Sydney Johnson’s boots clomp and groan as she hops from her white truck and trudges across a cul-de-sac in Lacombe, Louisiana. Children’s toys and debris are strewn about the yards in St. Tammany Parish. It’s a hot day, and Johnson’s black hair is tied up in a black bandana. Sweat beads on the tattoos that peek out from under her polo. She passes wilting grass and tilted mailboxes to a water-filled ditch between two driveways. The water wiggles as she approaches and frogs jump from the muddy banks.

Just about anything in Louisiana, it seems, can kill you—from hurricanes to alligators to bad oysters—but today Johnson is hunting the most deadly animal in the world.

The world’s largest killer is actually quite small—so small you don’t even notice they’ve bitten until after you are itching the welt. More than just a pest, mosquitoes carry viruses such as Zika, West Nile, Chikungunya, and dengue, as well as the parasite that causes malaria.
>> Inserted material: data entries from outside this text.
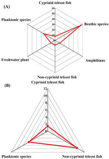 The 121 ATVs contained a high proportion of vertebrate species (61.16%), including cyprinid teleost fishes, non-cyprinid teleost fishes, and amphibians. The percentage of invertebrate species was 37.71%, including the planktonic species and benthic species, while the percentage of freshwater plants was 0.82% for ATVs of silver. The geometric mean of the SMAVs to silver in increasing order evidenced that: cyprinid teleost fishes < non-cyprinid teleost fishes < amphibians < freshwater plants < planktonic species < benthic species, for various taxonomic groups of freshwater aquatic organisms (Figure 1A). Meanwhile, the 15 CTVs included cyprinid teleost fishes (20.00%), non-cyprinid teleost fishes (26.67%), and planktonic species (53.33%). The geometric mean of the SMCVs to silver in increasing order evidenced that: cyprinid teleost fishes < planktonic species < non-cyprinid teleost fishes, for various taxonomic groups of freshwater aquatic organisms (Figure 1B). Overall, the cyprinid teleost fishes showed the most sensitivity to silver under both short-term and long-term exposure based on the SMAVs and SMCVs.
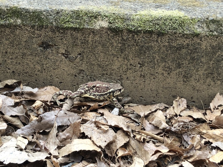 도로 옆 벽을 넘지 못해 헤메이고 있는 두꺼비를 숲쪽으로 넘겨주었습니다.
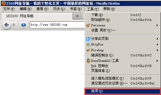 火狐(Firefox)浏览器设置主页的方法: 1)首先,打开浏览器上部菜单栏的“工具”栏,在下拉列表中选择“选项”,如下图所示:
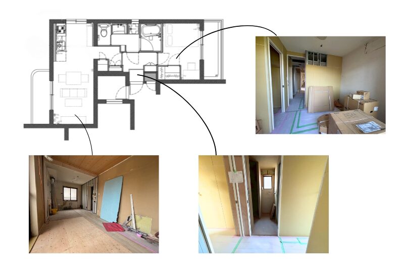 この完全に2つに分かれた空間のリノベーションは、私自身にとって初めての経験でした。これまでは整った形の物件ばかりだったため、新たに考えるべき点がありました。
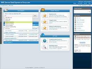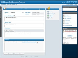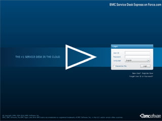 BMC Service Desk on Force.com provides IT service management on the Force.com platform including incident management, process optimization, inventory management, and self-service capabilities to reduce costs, improve quality of service, and manage risk while increasing business impact and transparency. Key features include customizable incident tracking, inventory management, knowledge search, and automated workflow.

Worldwide, these mosquito-borne diseases cause around 750,000 deaths per year. In 2020, malaria was responsible for 627,000 deaths worldwide. That’s why Johnson, a St. Tammany Parish Mosquito Abatement biologist, is on the hunt.


Mosquito larvae, referred to in developmental stages called instars, siphon air from the surface of the water in a stack of pyrex baking dishes in the St. Tammany Parish lab. These mosquitoes will be used to ensure the potency of pesticide treatments. Video by Daphne Mark. United States, 2021.
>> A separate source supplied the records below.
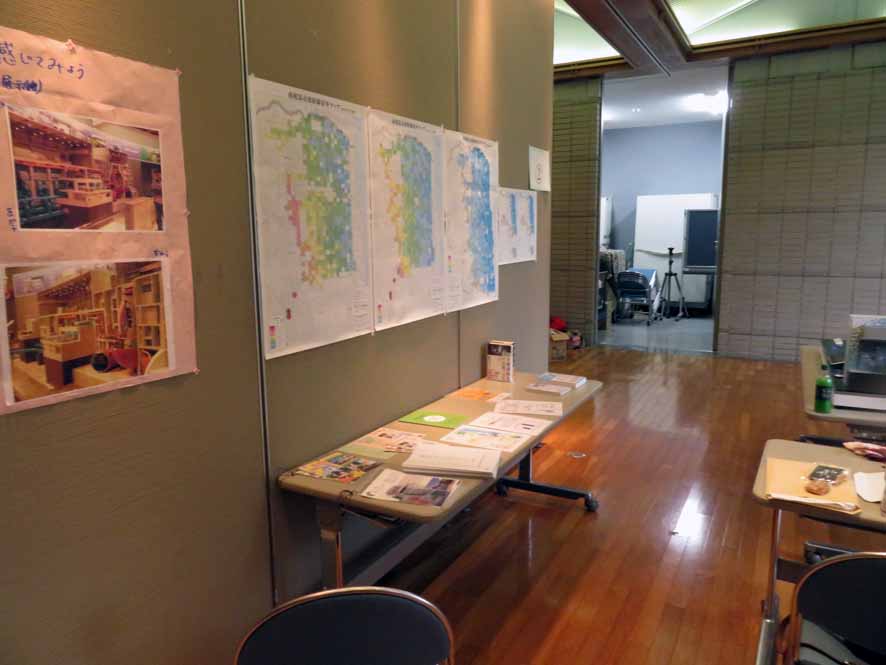 名古屋にて30年以上の活動実績を持つチェルノブイリ救援中部さんからわけていただいた、浪江町等々の空間放射線率の変化の地図。福島第一からの距離とは全く関係なく、たくさん放出された時の風向きで決まっていきました。山をいくつも超えて、事故とは全く無関係と思って住まわれていたかたたちの土地を汚染。他方全村避難した双葉が実は平常通り。。。そして、空間よりも土壌の変化のほうが鈍い(残っている)ことを確認する地図も。土壌のセシウムがなかなか減らないことが懸念されています。でも、チェルノブイリでの経験から菜種油にはセシウムが移行しにくい実績を示しておられ、菜種油「油菜(ゆな)ちゃん」をつくり、土壌のセシウムを残った茎や残渣に集めてバイオガス発電をにつなげようとしておられます。山菜・イノシシはじめその他食物中の測定経過も冊子にされています。
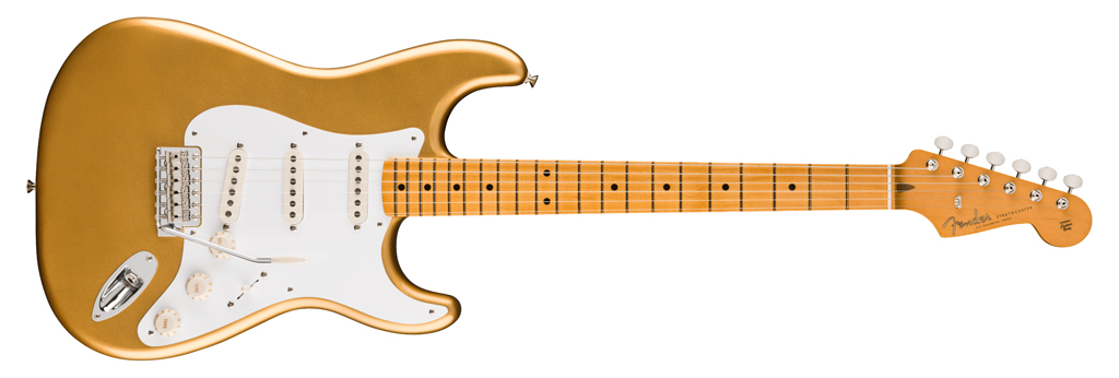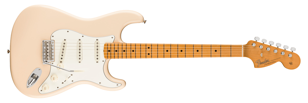 Die späten 50er werden hier mit Erlekorpus, einteiligem Ahornhals samt Ahorngriffbrett, einem kräftigeren Late-’50s-D-Profil sowie drei entsprechend abgestimmten Single Coils aufgegriffen. Dazu kommen 7,25″-Radius, Vintage-Tall-Frets und ein Vintage-Style-Synchronized-Tremolo.
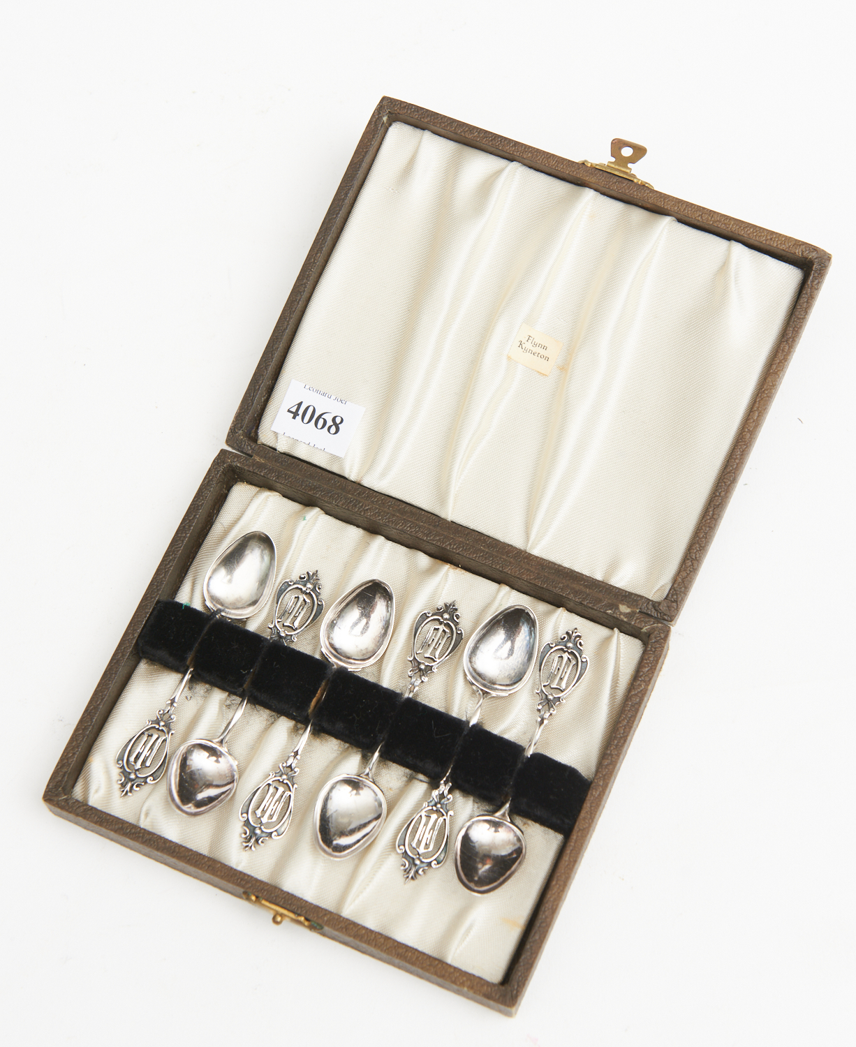 A FLYNN KYNETON SET OF SIX SPOONS IN CASE, LEONARD JOEL LOCAL DELIVERY SIZE: SMALL

In the U.S, mosquito-borne diseases have increased since 2004. West Nile virus is the most common mosquito-borne disease, killing 66 Americans and infecting more than 731 people in 2020 alone. While the number of people infected by the virus has decreased since 2002 when it was discovered in the U.S., the infections and deaths have vacillated greatly. There was a 700 percent increase in infections from 2011 to 2012. The following year, the infections dropped by more than half. In 2021, preliminary CDC data show one of the biggest infection rates of the last decade.

As climate change makes the southern U.S. more hospitable to mosquitoes, new diseases are expected to crop up. A buffet of treatments and abatement strategies are used locally in the U.S., ranging from bacteria to natural predators. Which areas have access to those treatments, however, depends on their financial and logistical capacity to implement an integrated mosquito management program, said abatement specialists.

Here in Louisiana, West Nile virus cases surged after Hurricane Katrina besieged the area in late August 2005. Twelve cases appeared in Orleans Parish in 2006, double the number of cases the year before. West Nile dropped back to two cases per year in 2007 and 2008, with another surge to 11 cases in 2012. No new human cases had been reported since then—until this year.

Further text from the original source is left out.